**WORK TO BE COMPLETED:**
Among the entries below, find the line with "支持Intel 第十代Core i9/i7/i5/i3处理器,采用Intel", then quote it and each following line up to and including the line with "在西峡县丹水镇袁庄村开展义诊", and nothing else.

*** Opening SUPPLIED DATA ***

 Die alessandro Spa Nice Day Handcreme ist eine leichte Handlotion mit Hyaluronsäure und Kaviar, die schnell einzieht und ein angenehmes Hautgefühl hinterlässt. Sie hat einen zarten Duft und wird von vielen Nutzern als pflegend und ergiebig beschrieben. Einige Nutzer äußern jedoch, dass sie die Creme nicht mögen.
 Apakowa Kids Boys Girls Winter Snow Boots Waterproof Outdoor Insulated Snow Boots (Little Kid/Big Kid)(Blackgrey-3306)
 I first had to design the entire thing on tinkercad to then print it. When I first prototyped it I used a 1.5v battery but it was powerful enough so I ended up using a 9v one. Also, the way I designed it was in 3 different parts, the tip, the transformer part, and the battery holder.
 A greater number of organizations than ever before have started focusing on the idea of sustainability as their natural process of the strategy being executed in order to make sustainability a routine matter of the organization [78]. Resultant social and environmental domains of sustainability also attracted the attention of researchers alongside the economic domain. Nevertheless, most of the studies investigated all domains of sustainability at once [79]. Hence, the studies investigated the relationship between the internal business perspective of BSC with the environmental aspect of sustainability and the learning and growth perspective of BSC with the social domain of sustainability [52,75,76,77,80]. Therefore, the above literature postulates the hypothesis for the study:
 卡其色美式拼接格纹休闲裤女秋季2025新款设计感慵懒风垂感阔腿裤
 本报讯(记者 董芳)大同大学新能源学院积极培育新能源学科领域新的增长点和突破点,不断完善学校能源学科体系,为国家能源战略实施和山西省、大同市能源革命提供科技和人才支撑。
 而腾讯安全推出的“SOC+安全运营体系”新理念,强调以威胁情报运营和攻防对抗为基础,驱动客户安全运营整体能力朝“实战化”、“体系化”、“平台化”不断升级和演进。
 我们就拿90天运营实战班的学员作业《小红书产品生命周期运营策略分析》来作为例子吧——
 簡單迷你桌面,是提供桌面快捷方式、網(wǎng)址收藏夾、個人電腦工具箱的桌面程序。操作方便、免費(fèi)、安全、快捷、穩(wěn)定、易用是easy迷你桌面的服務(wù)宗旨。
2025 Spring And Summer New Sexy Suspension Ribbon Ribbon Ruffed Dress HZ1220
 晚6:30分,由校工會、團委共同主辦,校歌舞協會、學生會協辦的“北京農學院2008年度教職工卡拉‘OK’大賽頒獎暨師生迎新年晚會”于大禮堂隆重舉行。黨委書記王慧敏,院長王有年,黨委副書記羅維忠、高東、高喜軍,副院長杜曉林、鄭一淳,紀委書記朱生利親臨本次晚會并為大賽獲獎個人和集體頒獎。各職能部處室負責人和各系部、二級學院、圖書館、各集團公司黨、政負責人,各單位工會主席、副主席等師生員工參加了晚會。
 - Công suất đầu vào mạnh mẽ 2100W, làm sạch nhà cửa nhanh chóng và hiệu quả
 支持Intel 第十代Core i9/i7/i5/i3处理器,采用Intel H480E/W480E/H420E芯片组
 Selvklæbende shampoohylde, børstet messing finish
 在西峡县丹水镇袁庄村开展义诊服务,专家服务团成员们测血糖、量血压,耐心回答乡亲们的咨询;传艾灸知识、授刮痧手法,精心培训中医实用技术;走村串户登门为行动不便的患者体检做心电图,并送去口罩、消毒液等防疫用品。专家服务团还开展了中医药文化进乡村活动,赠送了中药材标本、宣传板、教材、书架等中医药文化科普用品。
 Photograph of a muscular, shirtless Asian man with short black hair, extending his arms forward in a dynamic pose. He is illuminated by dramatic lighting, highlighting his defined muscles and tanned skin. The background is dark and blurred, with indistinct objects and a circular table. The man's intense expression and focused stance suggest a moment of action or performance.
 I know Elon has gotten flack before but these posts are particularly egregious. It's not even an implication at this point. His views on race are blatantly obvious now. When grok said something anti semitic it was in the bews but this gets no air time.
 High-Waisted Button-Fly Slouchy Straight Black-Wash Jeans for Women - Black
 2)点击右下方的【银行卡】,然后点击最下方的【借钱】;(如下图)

*** Closing SUPPLIED DATA ***

**TASK OUTPUT:**
 支持Intel 第十代Core i9/i7/i5/i3处理器,采用Intel H480E/W480E/H420E芯片组
 Selvklæbende shampoohylde, børstet messing finish
 在西峡县丹水镇袁庄村开展义诊服务,专家服务团成员们测血糖、量血压,耐心回答乡亲们的咨询;传艾灸知识、授刮痧手法,精心培训中医实用技术;走村串户登门为行动不便的患者体检做心电图,并送去口罩、消毒液等防疫用品。专家服务团还开展了中医药文化进乡村活动,赠送了中药材标本、宣传板、教材、书架等中医药文化科普用品。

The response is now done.